A gathering of lawmakers and interfaith leaders on Capitol Hill this week encouraged American Muslims to engage more widely in their communities through networking and political participation in order to empower themselves.
The annual Ramadan Iftar Dinner at the Capital Visitor Center in Washington, D.C. was organized by the Muslim American Citizens Coalition and Public Affairs council (MACCPAC).
The event reinforced the message that American Muslims must step up their outreach and engagement at community and political levels.
American Muslim Institution (AMI) was one of the co-sponsors of this event along with a number of the Washington D. C. Islamic organizations, including ADAMS Center, Dar Al Noor Islamic Center, Dar Al Hijrah Islamic Center, McLean Islamic Center and International Institute of Islamic Thoughts.
Senator Tim Kaine of Virginia, who was the Democratic Vice Presidential candidate in 2016, was the keynote speaker at the event, attended by about 100 Muslims and non-Muslims.
A team of ten Muslim Boy Scouts from the ADAMS Center performed the U.S. Flag Honor Guard and Pledge of Allegiance Ceremony to the delight and applause of the multicultural audience, reflecting America’s strength in diversity.
In his speech, Senator Kaine acknowledged and appreciated the contributions American Muslims are making in a host of areas, including medicine, sciences, IT industry, services and many other professional areas.
He recounted that the proudest moment of his public life was when he went to the Dulles International Airport earlier this year to join the protest in response to President Trump’s first Executive Order against travelers and refugees from the seven Muslim majority countries.

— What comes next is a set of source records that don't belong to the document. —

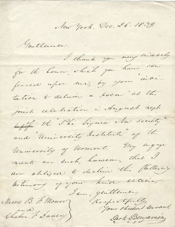 BENJAMIN, PARK - poet. ALS, 1839
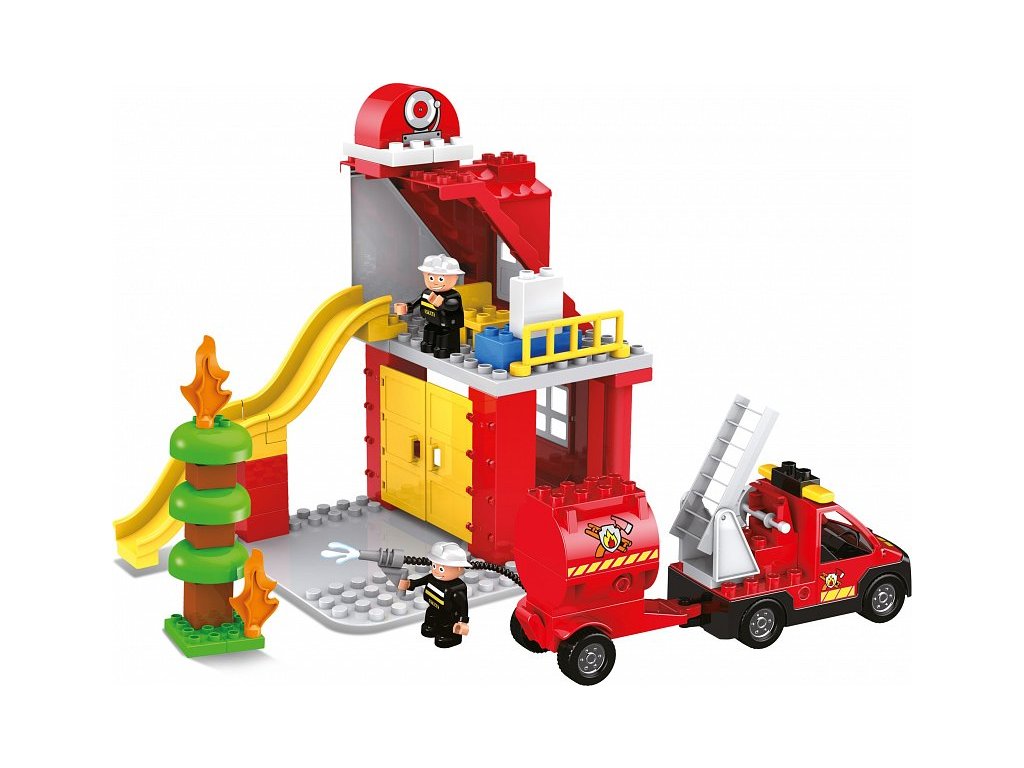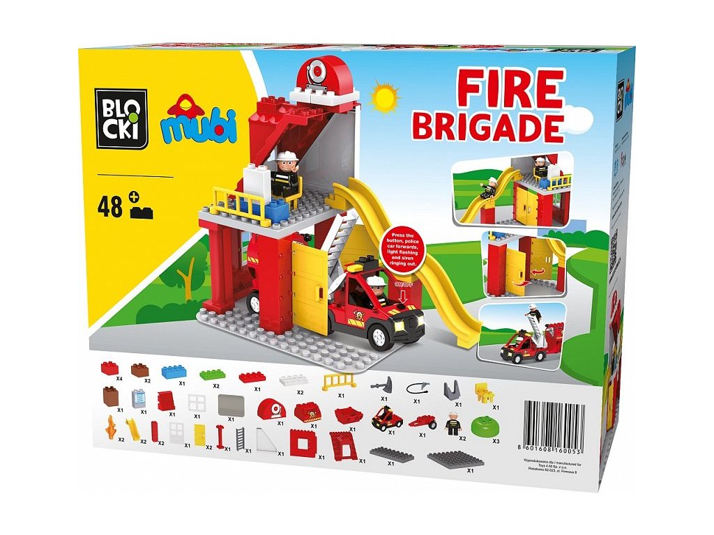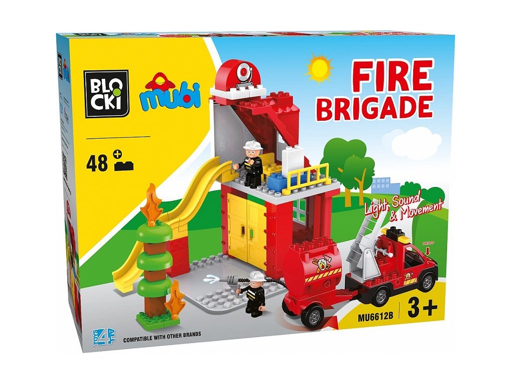 Stavebnica Blocki Mubi Hasičská stanica so svetlom a zvukmi urobí z Vášho dieťaťa pravého požiarníka. Súčasťou stavebnice je hasičská stanica s príslušenstvom a 2 figúrky hasičov. Autíčko je napájané batériami a pri pohybe vydáva zvuky a svieti. Stavebnica zaručí deťom veľa hodín zábavy, pomôže im rozvíjať kreativitu, manuálne zručnosti a zlepšuje logické myslenie. Stavebnica je kompatibilná so stavebnicami ostatných svetových značiek ako je Lego Duplo a ďalšie. Všetky dieliky stavebnice sa veľmi ľahko prepájajú a sú vyrobené z kvalitného plastu. Táto stavebnica je určená pre deti od 3 rokov.
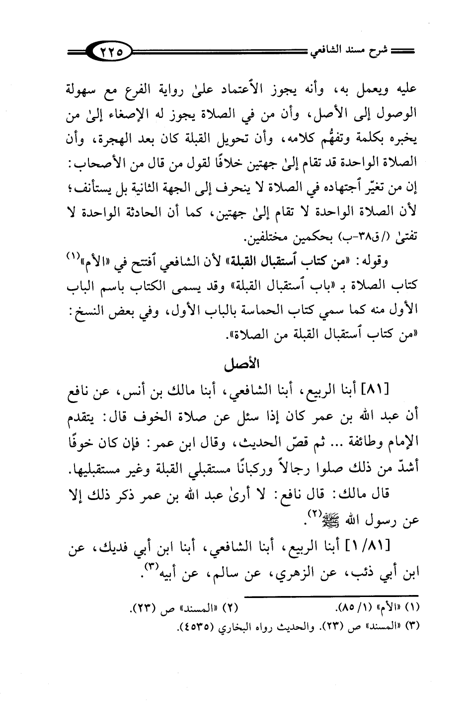 [81] أبنا الربيع، أبنا الشافعي، أبنا مالك بن أنس، عن نافع أن عبد الله بن عمر كان إذا سئل عن صلاة الخوف قال: يتقدم الإِمام وطائفة ... ثم قصّ الحديث، وقال ابن عمر: فإن كان خوفًا أشدّ من ذلك صلوا رجالًا وركبانًا مستقبلي القبلة وغير مستقبليها.
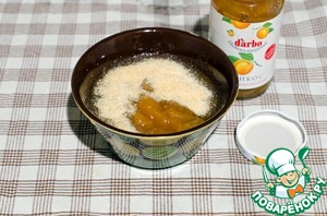 В миску влить 100 мл. яблочного сока, 100мл. низкокалорийного конфитюра D’arbo - абрикос и 5 г желатина. Дать набухнуть желатину, согласно инструкции на упаковке. После этого разогреть абрикосово - яблочную массу на медленном огне, чтобы желатин растворился, но НЕ ДОВОДИТЬ до кипения.
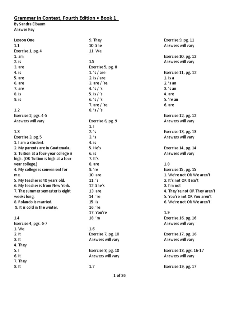 Part 1, pg. 34 8. he isnt (OR hes not) 25. are the students from
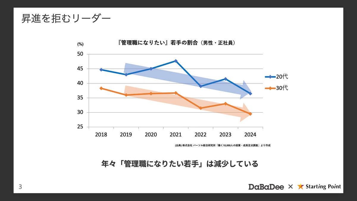 現状を整理しますと、まず昇進を拒むリーダーということで、年々管理職になりたいという若手が減少しています。
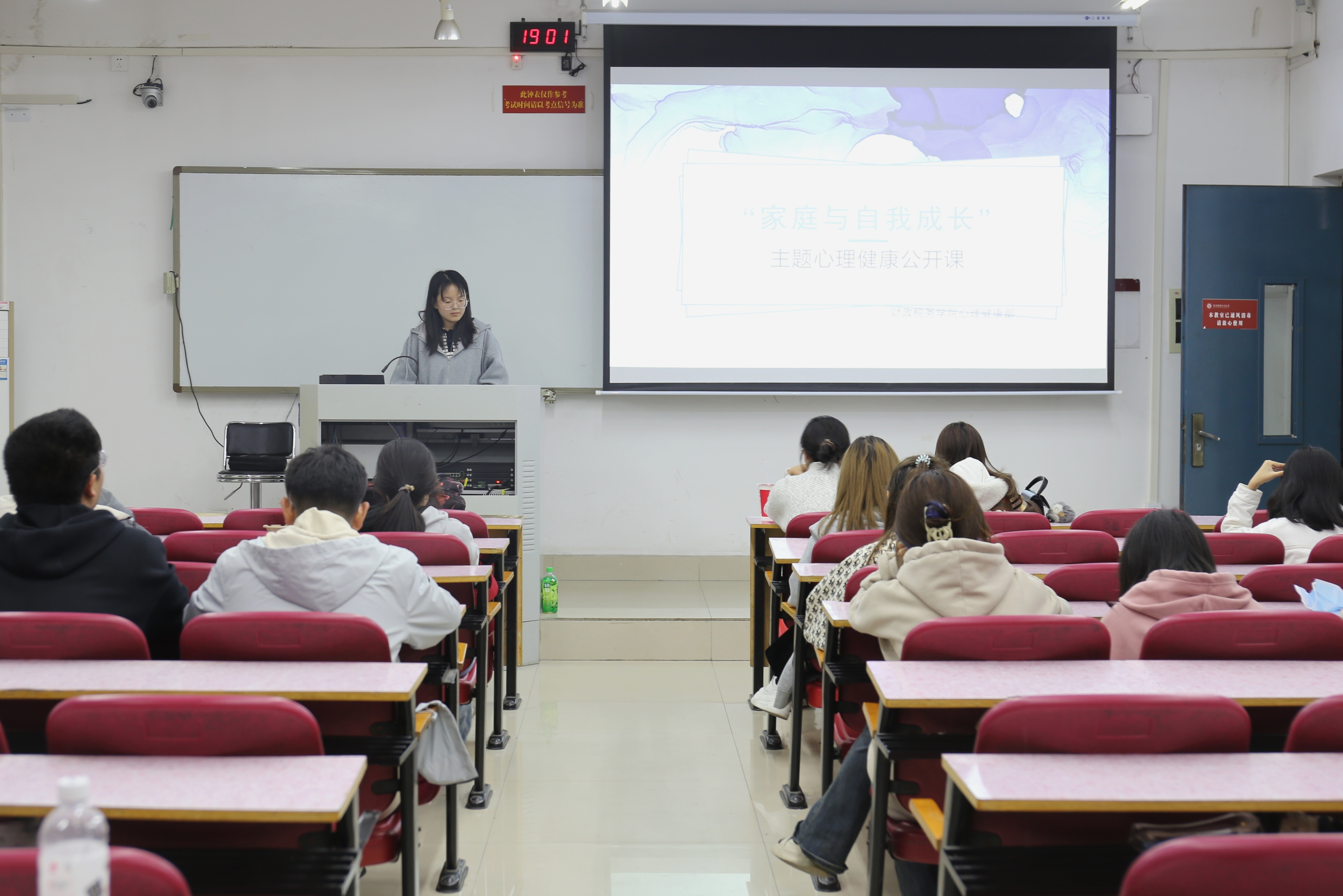 为进一步加强大学生心理健康教育,引导学生自觉学习心理健康知识,提高亲子沟通能力,凝聚家校合力。11月7日晚,williamhill英国于第一教学楼210教室组织收看“家庭与自我成长”主题心理健康公开课。
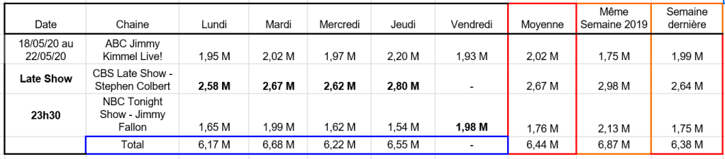 Stephen Colbert domine toujours ses 4 jours de diffusion avec en moyenne 2,67 M contre 2,64 M la semaine dernière ; en baisse sur un an ( 2,98 M )
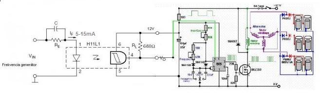Ha a GND-k közösíthetők, akkor akár közvetlen is vezérelhető lenne az 555. Vagy felhúzóellenállásos tranzisztorral. A H11L1 helyett egy 4N25 ( vagy hasonló univerzális ) optocsatoló nem lenne elég? Mekkora az 555-ös frekvenciája? S mennyi a frekvenciagenerátoré?
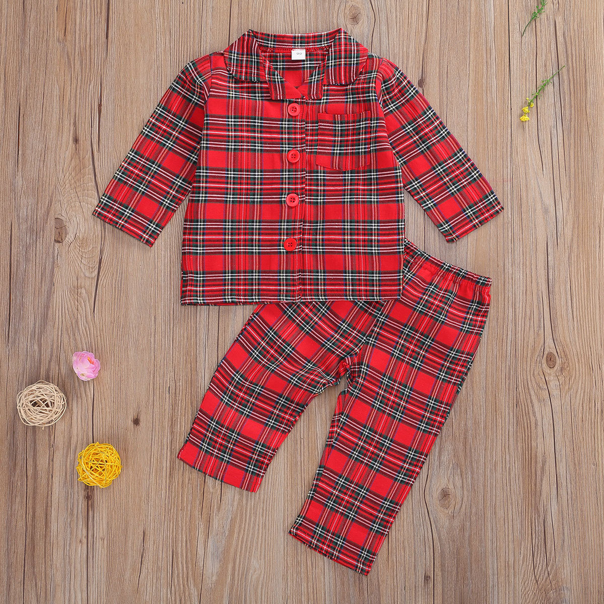 아마존 봄과 가을 어린이 잠옷 세트 소년 격자 무늬 긴팔 셔츠면 스트레이트 바지 여자 홈웨어
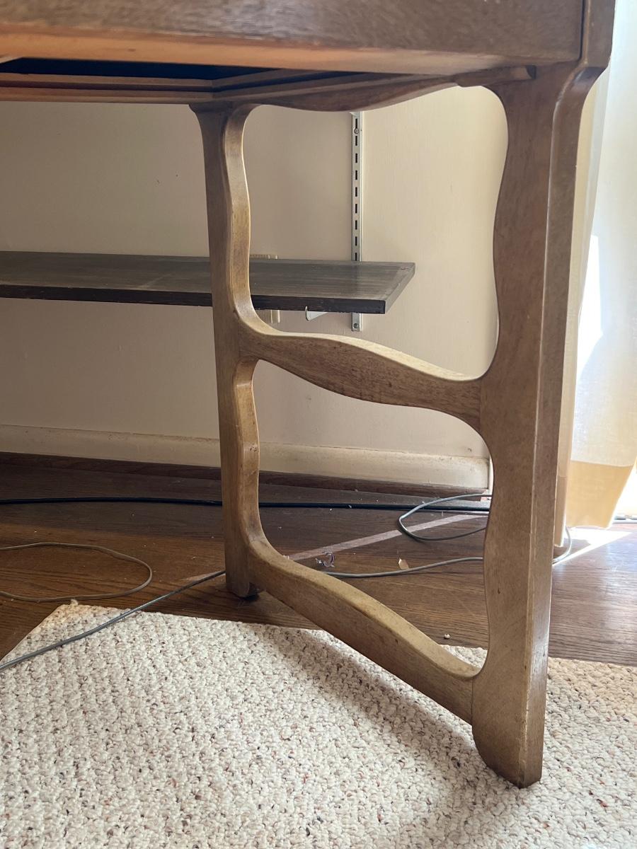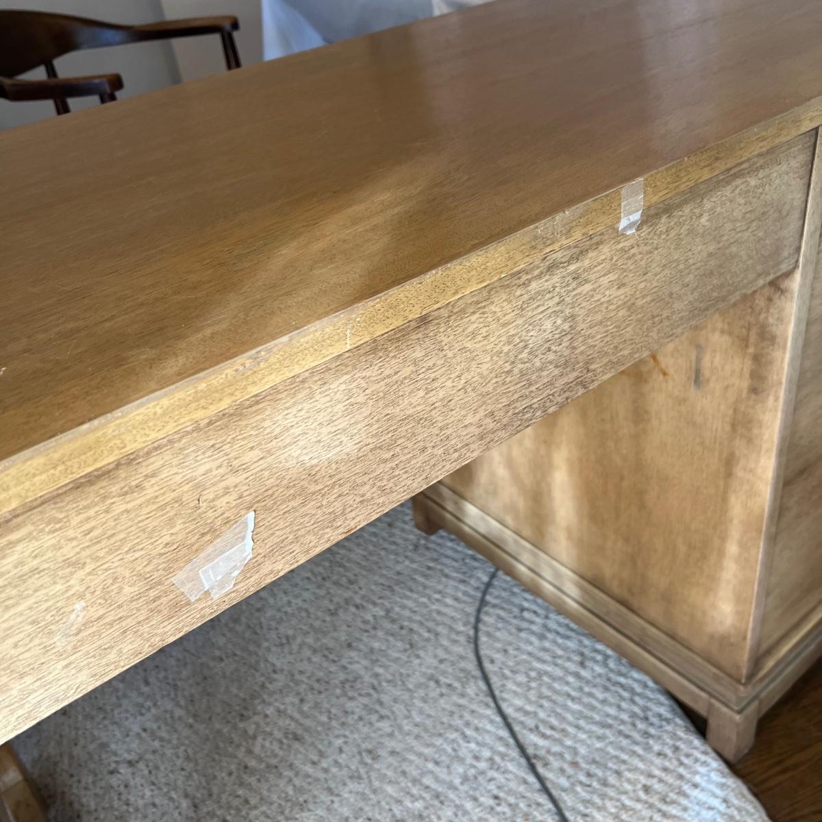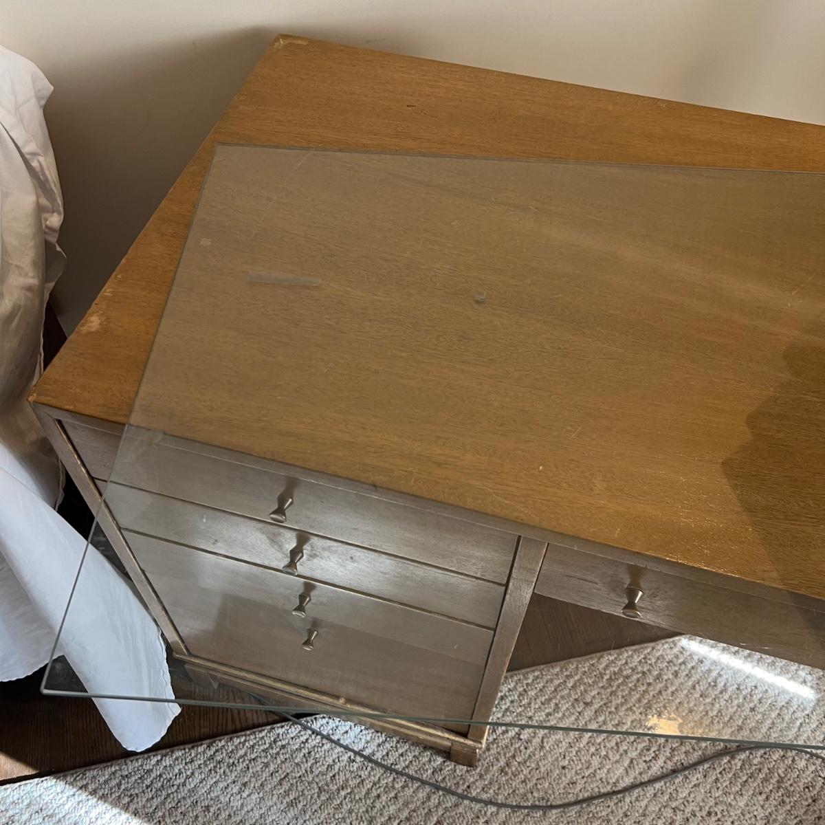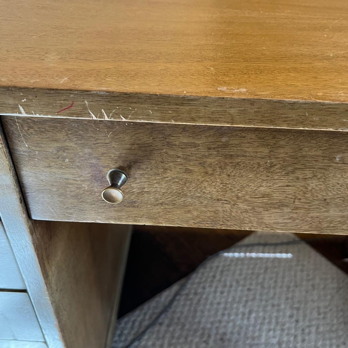 This stunning desk is made of a light colored solid wood with a unique cutout side panel on the right. Five drawers total with the largest on the lower left featuring compartments. Each dovetailed drawer has an aged brass colored metal pull. There are some minor signs of wear with a few nicks shown in images; one chip under the lower drawer, writing inside one drawer and a few pieces of old tape stuck on the back as well. Desk has a quarter inch thick removable glass protector pad which is included.
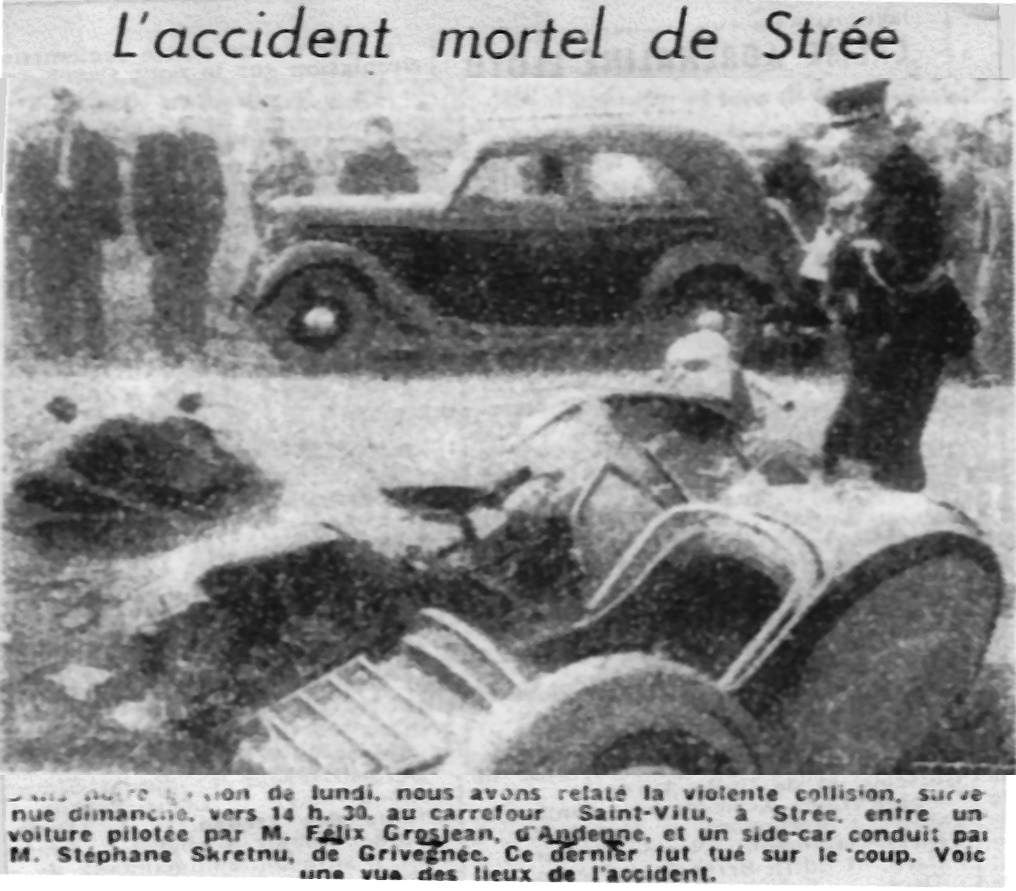Poprzedni obrazek Następny obrazek S.Skretny Fotokopia notatki prasowej dotyczącej wypadku w którym zginął Stefan Skrętny jadąc motocyklem ca 1949.

These spontaneous protests across the United States by Americans of all religions, races, ethnicity and color represented inherent goodness of the American people.
He also added that what has happened in the federal and appeals courts since the two Executive Orders were issued by President Trump earlier this year shows remarkable independence of the U.S. judicial system.
In her remarks, Congresswomen Sheila Jackson Lee of Texas focused on the need for Muslims throughout the United States to be actively engaged in the public square because it is not only the American Muslims but Black Americans, Hispanic Americans and other minorities, who are being affected by the rhetoric and policies of the current Administration.
The Jewish American representatives, I spoke to at the event emphasized the need for all of us to be proactive in our civic engagement with local communities, elected officials and other civil rights groups.
Overall, the event showed the cooperation among various American Muslim organizations and their outreach efforts with their elected leaders.
In the face of the ongoing challenges that started with the 2016 election campaign, America’ diverse communities should not only raise voices for themselves but for all.
We cannot afford to be silent when other groups are being unfairly targeted. For example, it was heartening to see Jewish, Christian, and other Americans with signs “I am a Muslim” at demonstrations across the country in response to the anti-Muslim travel ban issued through executive orders earlier this year.